They’re a unique cohort of students at Jacksonville University, entering eager to learn all they can in their chosen subject and leaving not only with their bachelor’s degree but as officers in the U.S. military, proud alumni of one of the largest university units of its kind in the country.
No, they’re not part of JU’s vaunted Naval Reserve Officer Training Corps (NROTC) program, which has produced more than 1,500 commissioned officers and numerous commanders since becoming the first such unit in Florida more than four decades ago.
They’re part of the Medical Enlisted Commissioning Program (MECP) at JU, which offers qualified active-duty enlisted sailors and marines a chance to earn an entry-level nursing degree followed by an appointment as an ensign in the U.S. Navy Nurse Corps. Participants receive full pay and benefits of their pay grades while pursuing their Bachelor of Science in Nursing (BSN), and can use their Montgomery G.I. Bill and other financial assistance to pay for schooling.
Last year, about 45 active-duty personnel were accepted into the highly selective MECP program nationwide, and a dozen chose JU to further their educations. In fact, of the approximately 125 students overall in the program nationwide currently, JU has 31, a high number for a single institution.
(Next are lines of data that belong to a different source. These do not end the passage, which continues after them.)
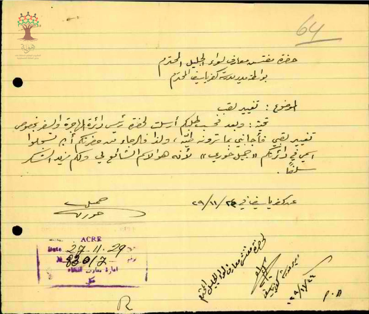 رسالة من المعلم جميل خوري الى مفتش المعارف بخصوص تغيير لقبه
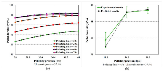 To calculate the pellet durability, the values of the input variables in Table 1 need to be incorporated into Equation (7). The effects of pelleting time on pellet durability were predicted by Equation (7) and the results were depicted in Figure 5a. It was observed that there was an increase in pellet durability as the pelleting time increased at lower ultrasonic power (16.5%, 25%, and 37.5%). The pellet durability slightly increased and then decreased at a higher ultrasonic power (50%). When the ultrasonic power was fixed to 58.5%, the pellet durability decreased as the pelleting time increased. The decrease in pellet durability may be due to charring. Charring during the pelleting process can significantly reduce the quality of pellets [39]. High ultrasonic power with long pelleting time resulted in high temperature and could eventually lead to charring [17]. The predicted pellet durability was compared with the experimental results at different levels of pelleting time while the pelleting pressure was kept at 34.5 psi (237,869.1 Pa) and ultrasonic power was kept at 37.5%, as shown in Figure 5b. The kinetics of predicted pellet durability matched well with the trend determined by experiments. Both the model and experimental data showed that the pellet durability increased by 23.5% as the pelleting time increased from 20 s to 45 s, and the pellet durability increased by a further 2.4% as the pelleting time proceeded from 45 s to 70 s, respectively. The same trend was reported by Nottingham et al. [19] who found that an increase in pelleting time from 30 s to 50 s induced an increase in pellet durability.
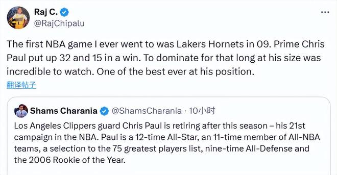 面对这名老将的退役,快船记者Jamal Cristopher发文称赞道:“他是篮球史上最伟大的球员之一,以他这样的身材达到这样的高度,能够与CP3真是我的荣幸。”
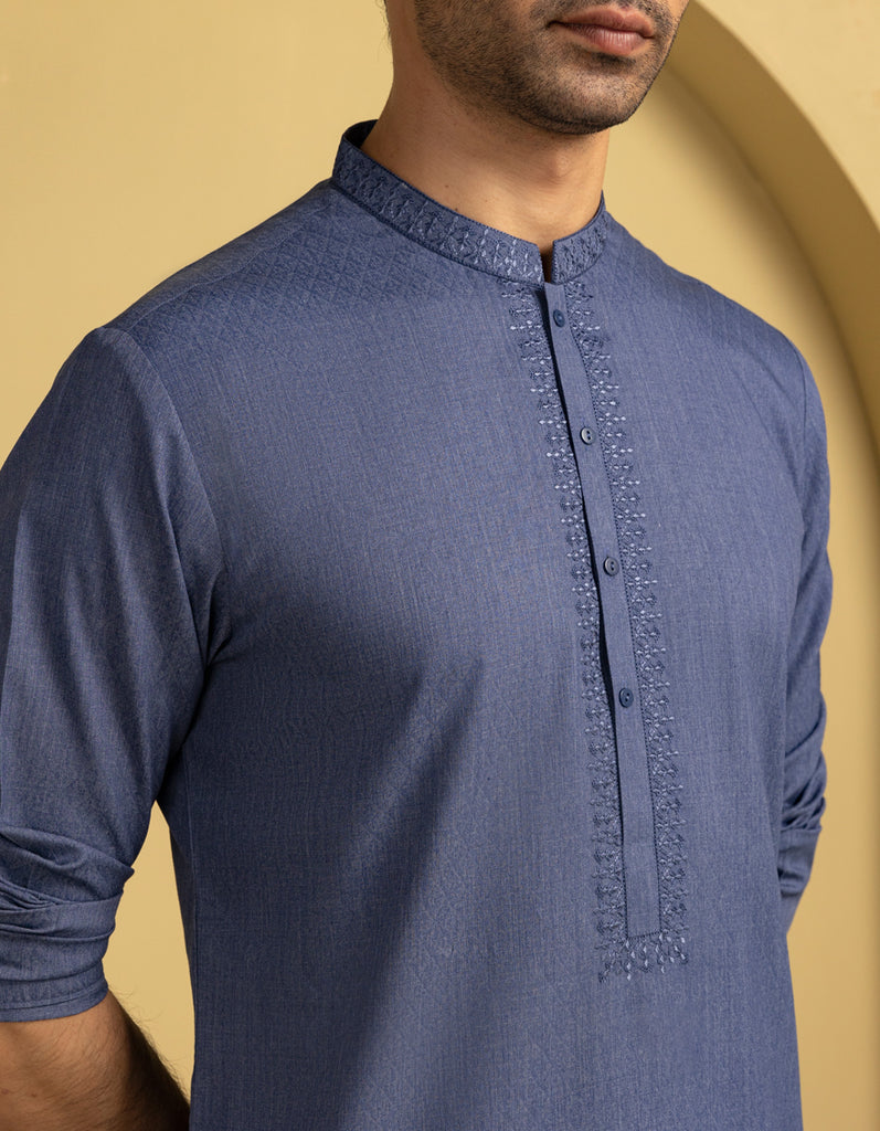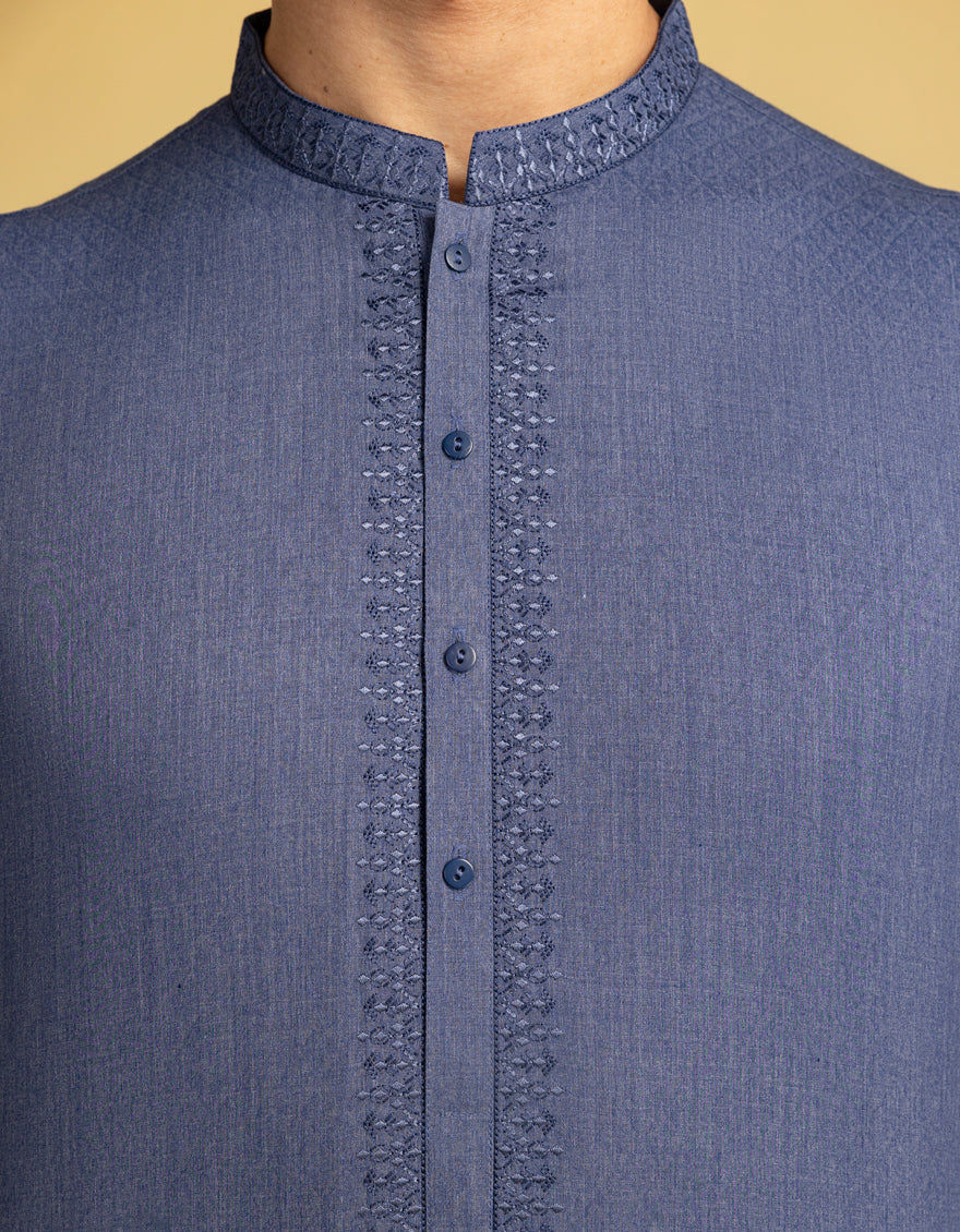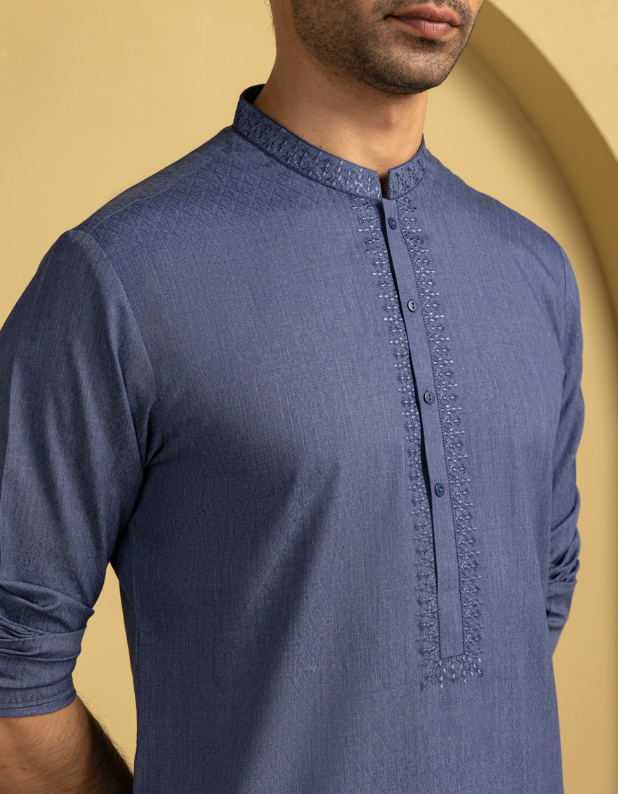 Upgrade your look with this Blue Blended Semi-Formal Kurta, which mixes traditional and modern styles for a classy yet comfortable outfit.

According to Stephanie Bloom, Director of Admissions & Enrollment for JU’s College of Health Sciences, the MECP program at JU is so popular because of the campus’ great reputation for being very military-friendly; great support resources for active-duty students; proximity to Navy bases; high program quality; high Licensure (NCLEX) pass rates; and JU’s Critical Care focus being very desirable for students, particularly those who want to get into a trauma or critical care environment after graduation.
“These students are selected from hundreds of applicants from all over the world, and complete their degree with us as well as fulfill their Navy requirements in 36 months or less,” said Bloom. “JU has an excellent reputation among the MECP community, and these students are a wonderful asset to the Nursing program and the University. They also illustrate the great reputation we have as a military-friendly institution.”
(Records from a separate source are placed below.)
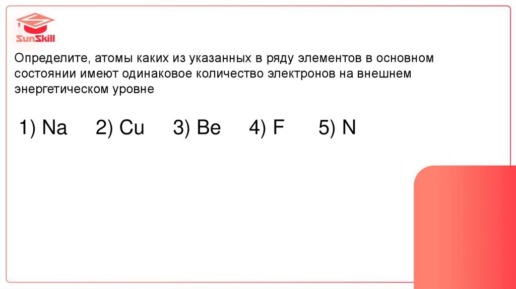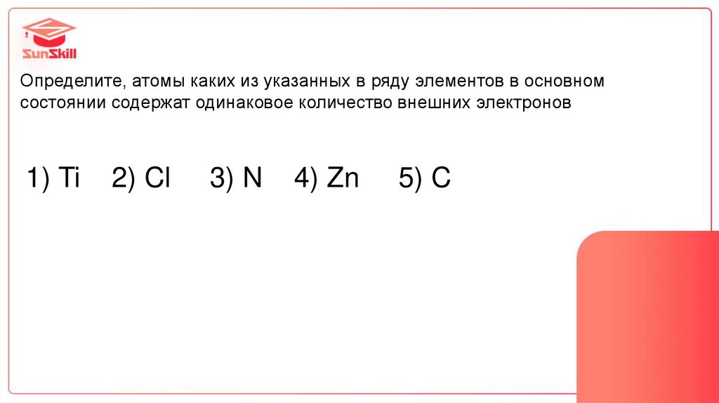 Определите, атомы каких из указанных в ряду элементов в основномсостоянии содержат одинаковое количество внешних электронов
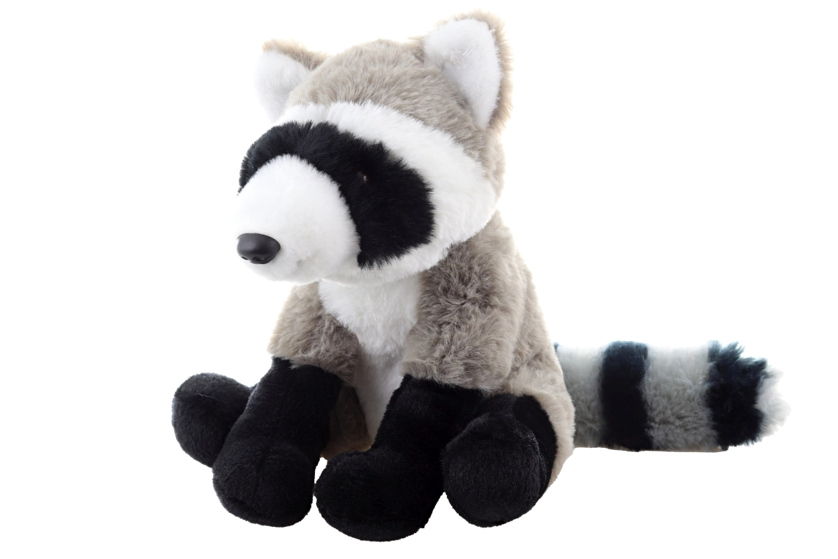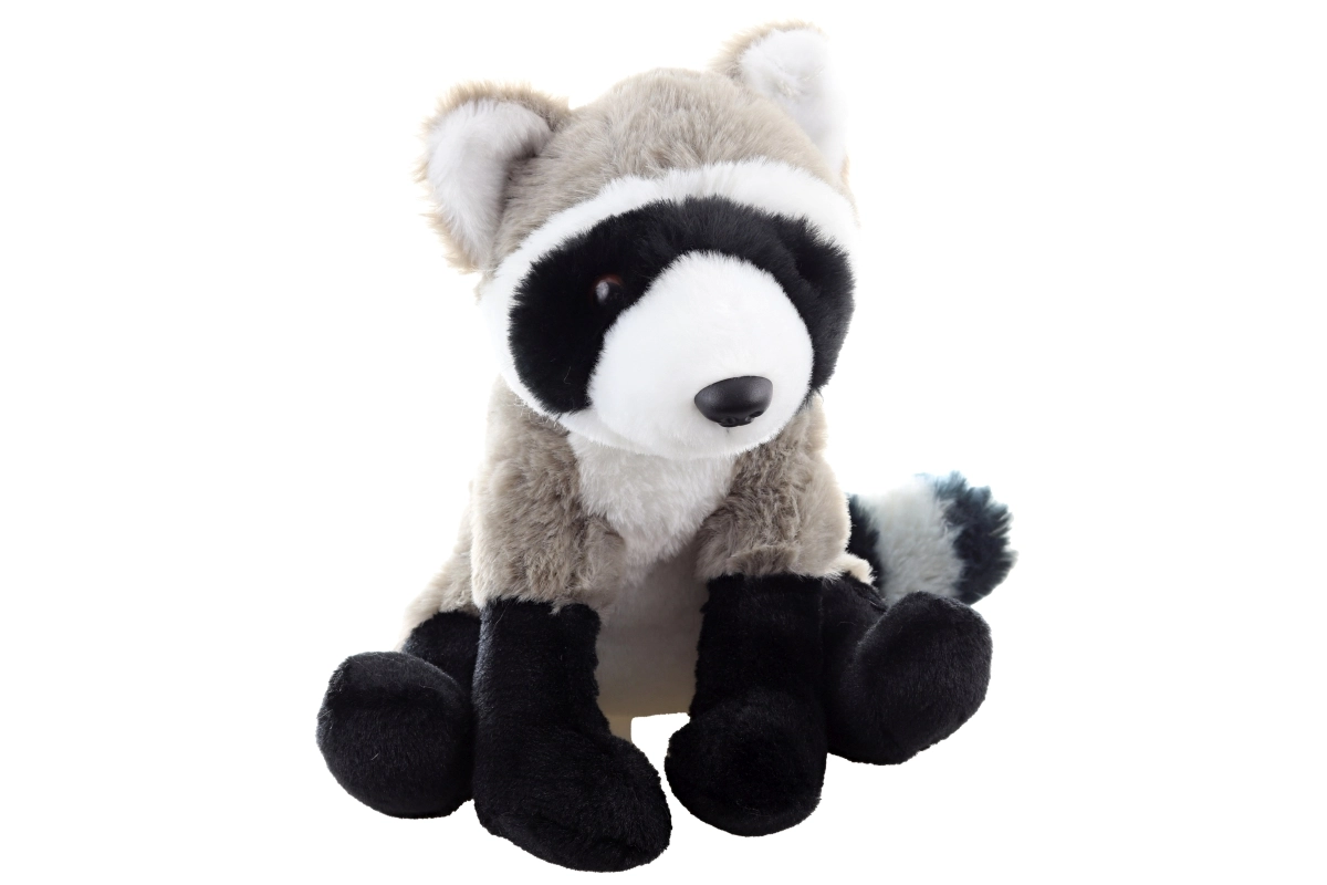 Charakterystyczna czarna maska, łapki i prążkowany ogon nadają zabawce uroczy i wierny wygląd.
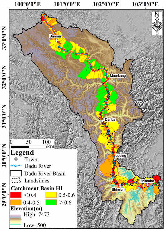 Distribution of landslides and HI values of catchments in Daduhe river basin.

Dating back to the program’s beginnings at JU in 2005, numerous MECP students have gone on to stations all over the world serving as Navy nurses, including at large Navy base hospitals such as Balboa Naval Hospital in San Diego; Walter Reed National Military Medical Center in Bethesda, Md.; and Naval Hospital at NAS Jacksonville.
This year, five students graduated from the program April 25 with their BSNs and were commissioned, along with one graduate from the Seaman to Admiral-21 (STA-21) Commissioning Program. Commissioned through the MECP program were Ensign Damaris Parrilla-Fernandez, Ensign Shannon Myers, Ensign Wesley Limberg, Ensign Julius Jones and Ensign Robert Todd Brown. Additionally, Lisa Bruscato was commissioned an Ensign as part of the Navy’s STA 21 program.
JU has one of the largest active MECP student groups in the country, and this fall will boast 31 active MECP students in the School of Nursing’s BSN program (one of those is 17-year Navy veteran Brian Holcomb, who turns 35 next week and is being celebrated nationwide for becoming the oldest starter in NCAA history after pitching for the JU Dolphins April 28).
“I have developed a great appreciation for JU partly due to its commitment to the military,” said Julius Jones, JU’s exiting MECP senior leader, who heads with his family to San Diego this summer to begin his career as an officer. “The MECP program … is growing quickly in the JU School of Nursing, and is giving the University a great reputation within the military community.”
Selectees for the program must participate in a nationally accredited academic program leading to a bachelor’s degree in nursing. If eligible, they may use the Veterans Educational Assistance Program (VEAP) or Montgomery Government Issue Bill (MGIB) educational benefits (click here). Graduates incur an 8-year military service obligation, of which a minimum of 4 years must be served on active duty.
Eligibility requirements include a recommendation by an applicant’s Commanding Officer; service on active duty in the U.S. Navy, U.S. Marine Corps or U.S. Navy Reserve; and ability to complete the nursing degree requirements and be commissioned before age 42.